Fresh, Freezing, Slippery Run


Snowy North Shore Mountains

Should I go out or not? It’s 1 degree celsius – snow fell the day before, and partially melted, leaving a mess of slippery-slush this morning – that meant a cautious run.

I go for it! The cold jolts me awake – I do the ‘shuffle-slide-run’ until I get my footing. Dirt part of path – fine, make it past tennis courts – tarmac path looks shiny – avoid – run on crunchy grass. Parks Board worker throws salt as I  go by – ‘thank you,’ I say. Continue on crunchy grass – till I make it to the seawall.

Before reaching Second Beach Pool – I hear the honk of Canada Geese – and then a beating of wings – one group of 12 geese leaves the pool, followed by two more groups – each waiting for the next to depart as if they had clearance from the tower.
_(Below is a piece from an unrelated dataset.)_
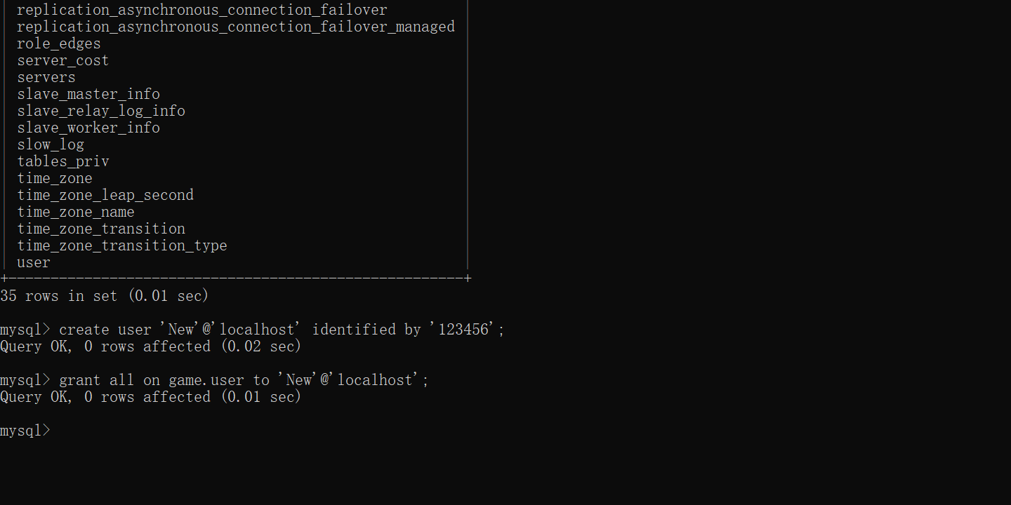 New为新建用户名,localhost为本主机,game为已有数据库的名称,game数据库中的user表。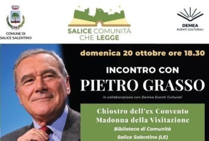 “Cultura come impegno civile: verso la nuova Biblioteca di Comunità”. È il tema dell’incontro con Pietro Grasso che si terrà domenica 20 ottobre 2024, alle ore 18.30, presso il Chiostro del Convento “Madonna della Visitazione” di Salice Salentino (in caso di maltempo, l'evento si svolgerà nel Centro Polifunzionale "Padre Benigno Perrone").

The backdrop of a red tinted sky and white mountains – I braved the cold.

Continue along the wall running on snowy-kelp – crunch, crunch – tossed up on the seawall by huge waves two days before. Shimmy along a mini-ice rink and reach my destination without falling – yay!

The way back is easier since I know where the danger lies. Only encountered three other people on wall – best time to run.

But passing the Ceperley playground, I see the ‘guy-in-the-grey-sleeping bag’ on the picnic table in the covered eating area. I had called the City twice, but here he was again sleeping in freezing temps – I don’t want to read the news about a homeless man freezing to death in his sleeping bag.

“Hey, hello,” I yell at the park ranger scraping the ice off his windshield, “there’s a guy sleeping on the table.”


“Under the shelter in a grey sleeping bag.”

He turned toward the direction I pointed to, hopefully he will help.

I head home – fresh, invigorated and aware of the world around me. That’s why I keep running.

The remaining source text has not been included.